Despite the lack of romantic attraction, however, many aromantics find themselves forming deeper connections to others that go beyond simple friendship. These relationships are often termed “queerplatonic,” signifying that they’ve a unique combination of depth, intimacy, and respect that isn’t necessarily found in most romantic or sexual relationships. These relationships might involve things like exchanging heartfelt letters, sharing a bed in a platonic sense, or simply spending time doing activities that both parties enjoy. Often, the thing that distinguishes these relationships from friendships is the depth to which both parties appreciate and value one another – even if there’s no sense of romance or sexual attraction involved.

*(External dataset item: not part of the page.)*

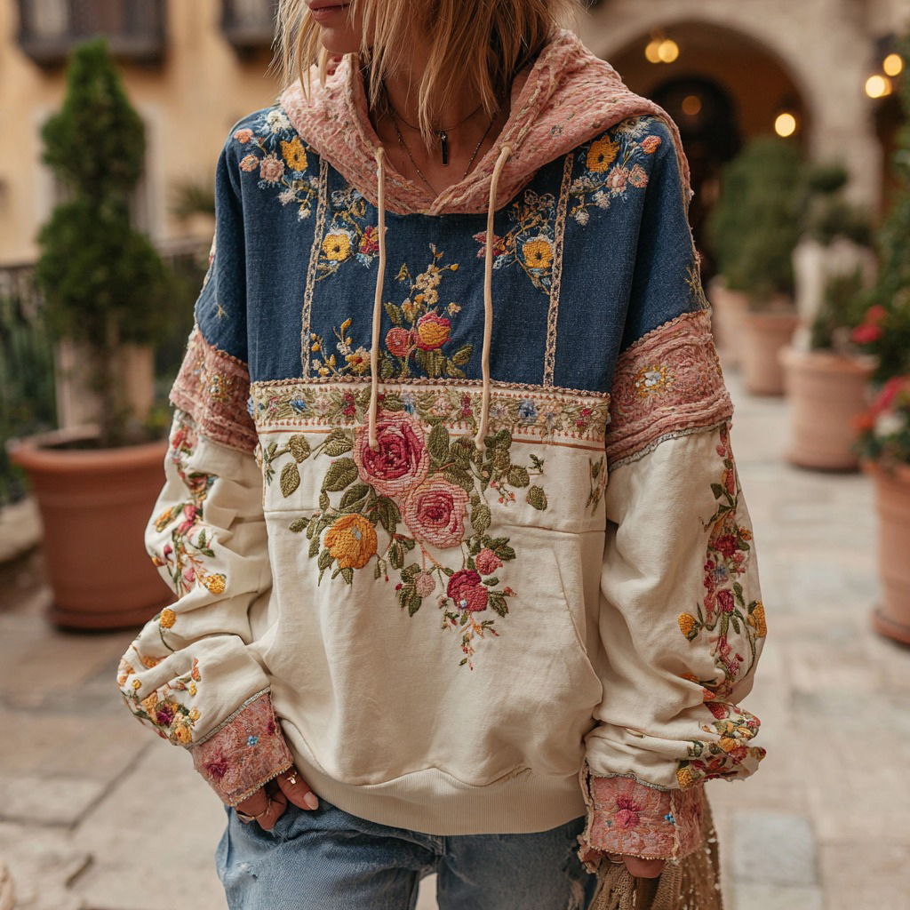Women's Retro Floral Stitching Contrast Color Warm Hoodie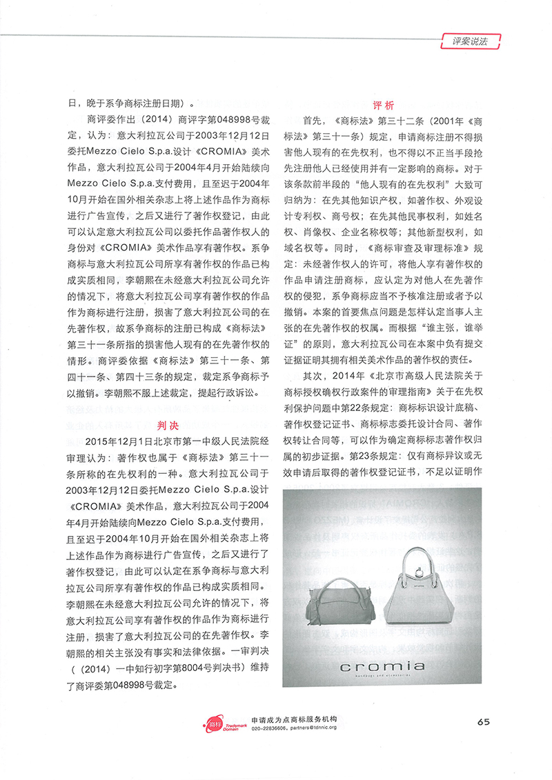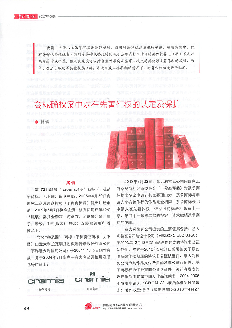 集佳文章《商標(biāo)確權(quán)案中對(duì)在先著作權(quán)的認(rèn)定及保護(hù)》在《中華商標(biāo)》發(fā)表

It’s important to note that not all aro people experience squishes or queerplatonic relationships, and that every person experiences their aromanticism in different ways. Some aros might be comfortable experiencing sexual attraction but still lack the capacity for romantic love, while others might be averse to both. Regardless of their individual experiences, it’s important for non-aromantic people to understand and respect the diversity of what it means to be aromantic, and to refrain from applying their own personal concepts of love and relationships to those who might experience them differently.

How Can Heartbreak Be Different for Aromantic Individuals?

Heartbreak for aromantic individuals can be different because they may not experience romantic attraction in the same way as allosexual individuals. As a result, they may not have the same emotional investment in romantic relationships, and may not experience the same level of sadness or heartbreak when a relationship ends or fails to materialize.

Source: Can you be aromantic but have crushes?..

Conclusion

It’s crucial to approach the situation with empathy and understanding, recognizing that their lack of romantic attraction doesn’t have any correlation with their ability to form meaningful connections with others. Ultimately, the most vital thing is to support them and their journey in self-discovery, regardless of whether or not it aligns with our own expectations or desires. It’s imperative to cultivate a culture of respect and acceptance, where people are free to express themselves authentically without facing judgment or discrimination. In doing so, we can create a world where everyone can thrive regardless of their sexual orientation or gender identity.